Transfer Learning Reveals Cancer-Associated Fibroblasts Are Associated with Epithelial-Mesenchymal Transition and Inflammation in Cancer Cells in Pancreatic Ductal Adenocarcinoma

Affiliations

Transfer Learning Reveals Cancer-Associated Fibroblasts Are Associated with Epithelial-Mesenchymal Transition and Inflammation in Cancer Cells in Pancreatic Ductal Adenocarcinoma

Samantha Guinn et al. Cancer Res. .

Abstract

Pancreatic ductal adenocarcinoma (PDAC) is an aggressive malignancy characterized by an immunosuppressive tumor microenvironment enriched with cancer-associated fibroblasts (CAF). This study used a convergence approach to identify tumor cell and CAF interactions through the integration of single-cell data from human tumors with human organoid coculture experiments. Analysis of a comprehensive atlas of PDAC single-cell RNA sequencing data indicated that CAF density is associated with increased inflammation and epithelial-mesenchymal transition (EMT) in epithelial cells. Transfer learning using transcriptional data from patient-derived organoid and CAF cocultures provided in silico validation of CAF induction of inflammatory and EMT epithelial cell states.
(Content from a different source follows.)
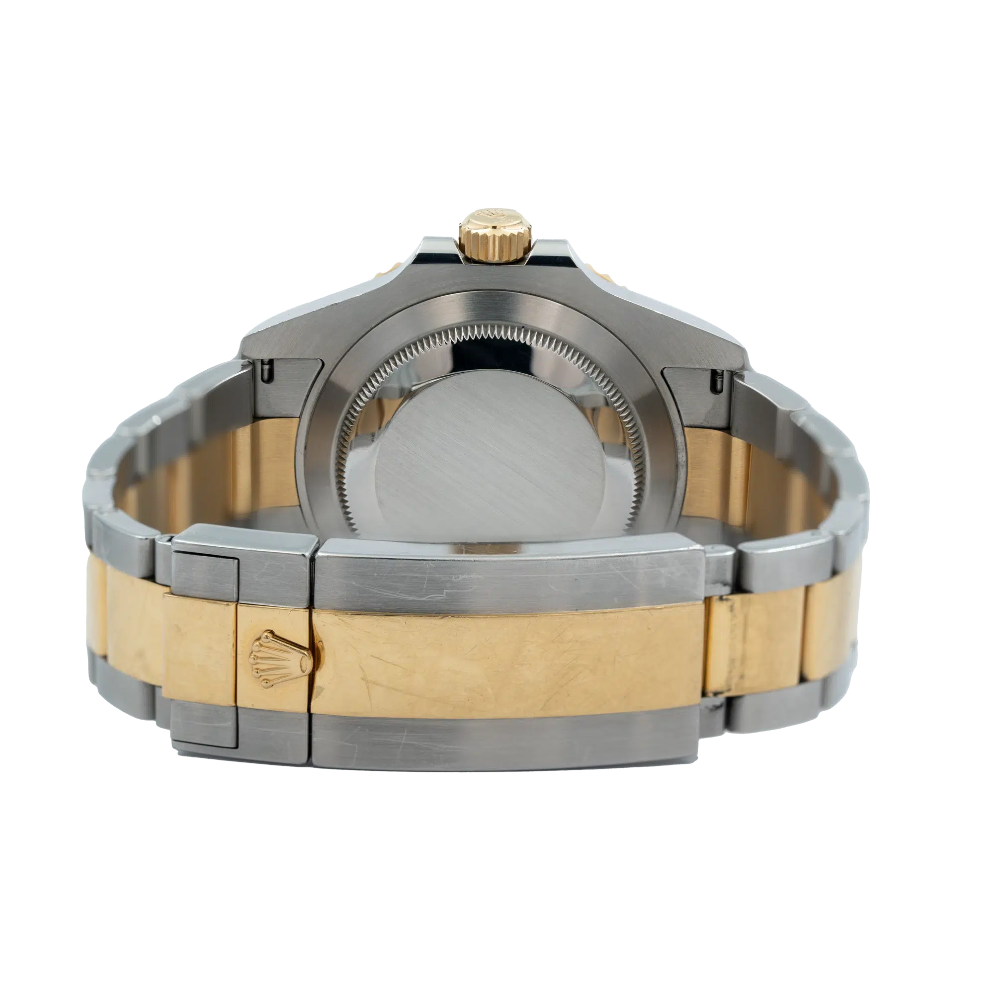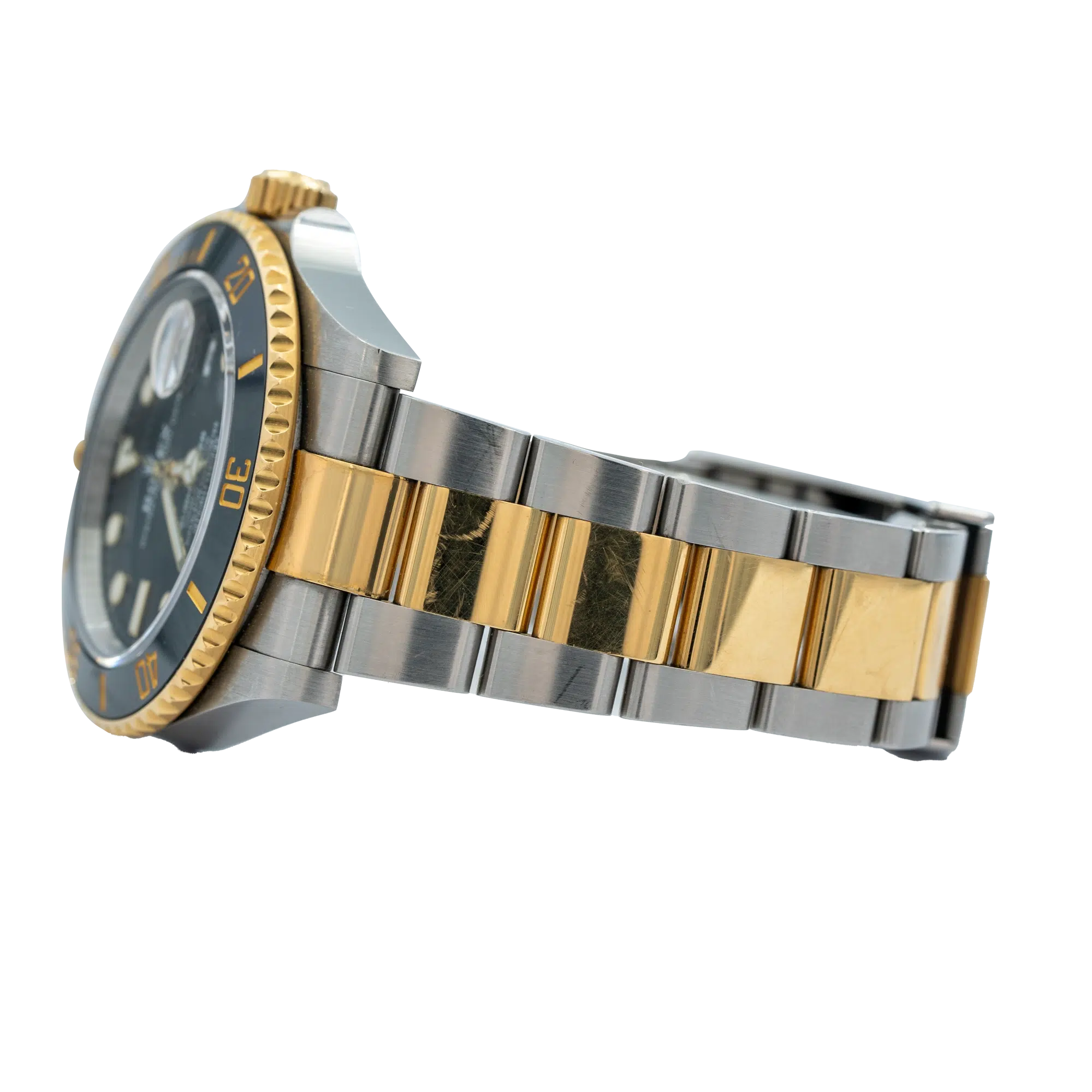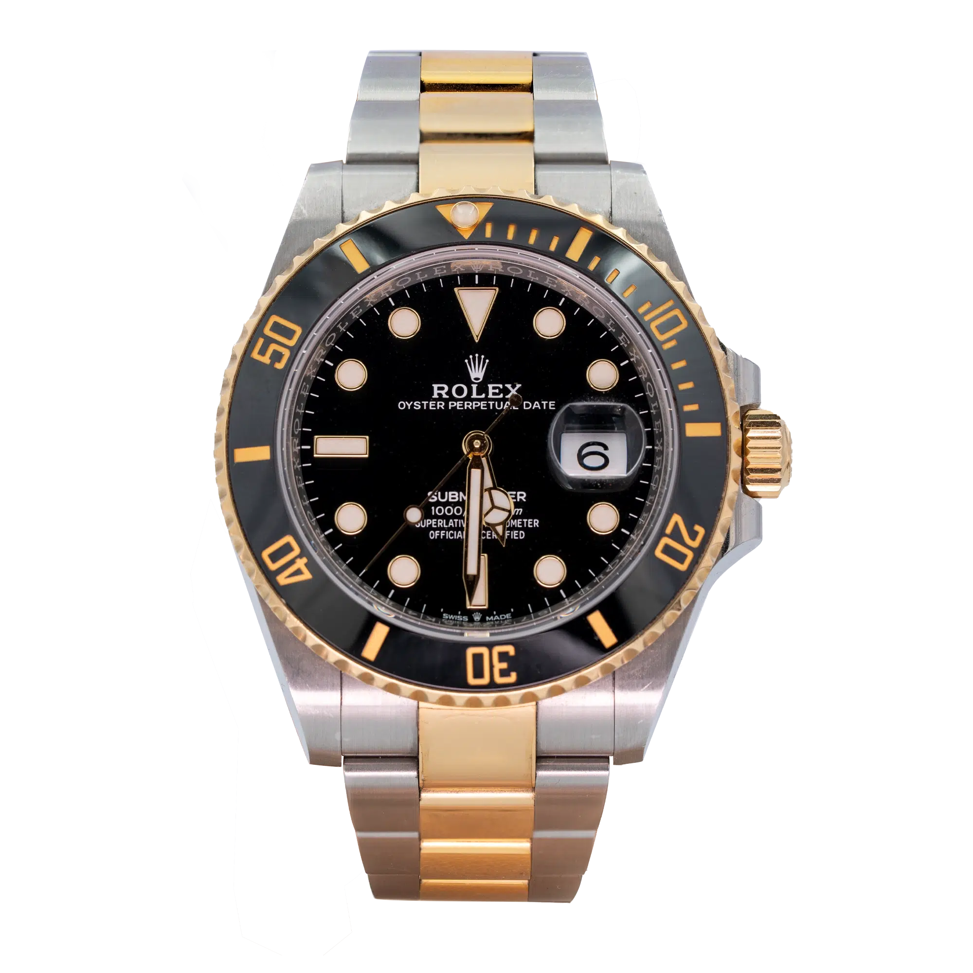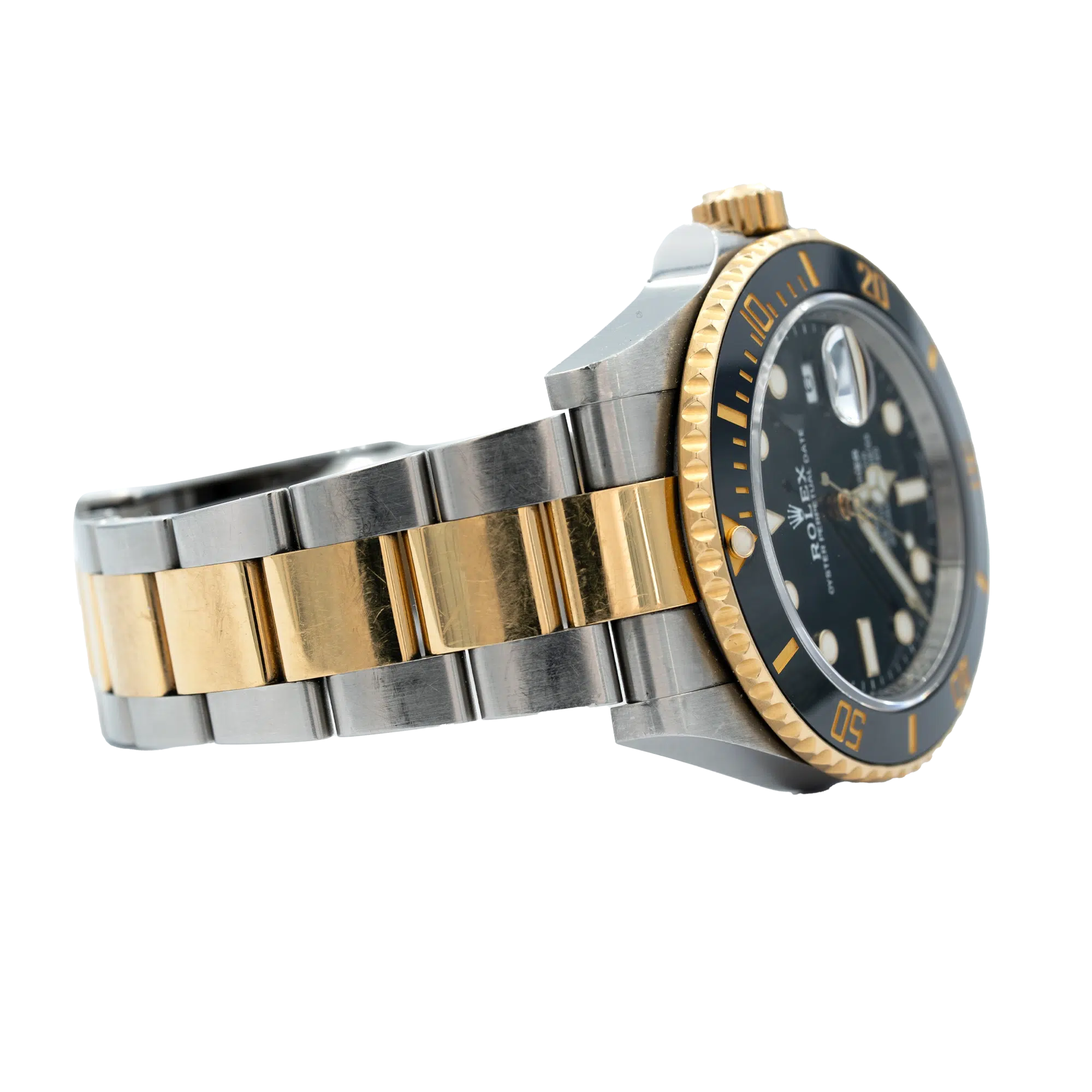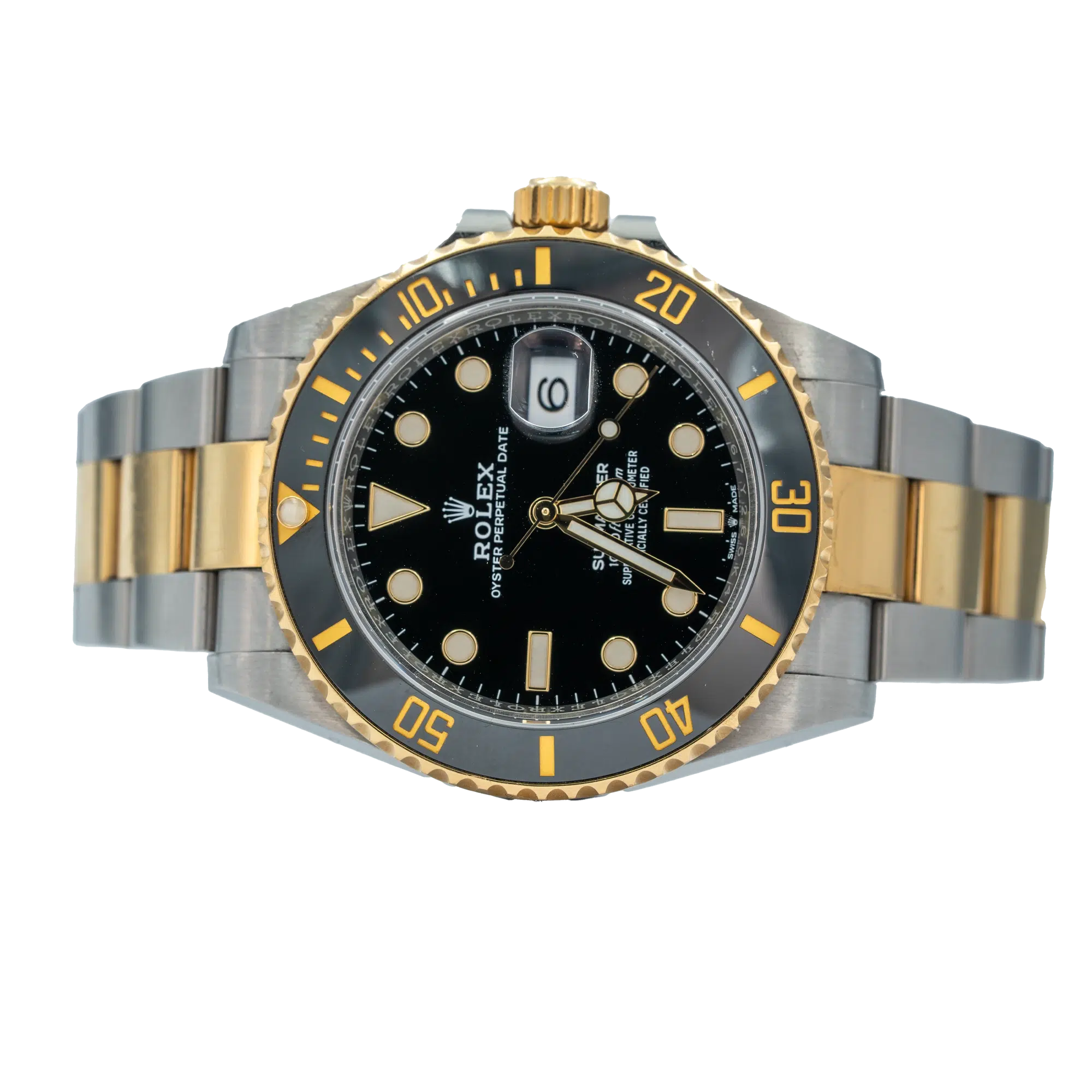 This is a pre-owned Rolex Submariner 41mm. Purchased in 2021, the watch comes complete with box and papers. It features a black dial and a black Cerachrom bezel. The 41mm Oystersteel case sits on a two-tone Oyster bracelet featuring 18ct Yellow Gold and Oystersteel. It is one of the classiest-looking two-tone Submariner models available today.

Further experimental validation in cocultures demonstrated integrin beta 1 (ITGB1) and vascular endothelial factor A (VEGFA) interactions with neuropilin-1 mediating CAF-epithelial cell cross-talk. Together, this study introduces transfer learning from human single-cell data to organoid coculture analyses for experimental validation of discoveries of cell-cell cross-talk and identifies fibroblast-mediated regulation of EMT and inflammation.

Significance: Adaptation of transfer learning to relate human single-cell RNA sequencing data to organoid-CAF cocultures facilitates discovery of human pancreatic cancer intercellular interactions and uncovers cross-talk between CAFs and tumor cells through VEGFA and ITGB1.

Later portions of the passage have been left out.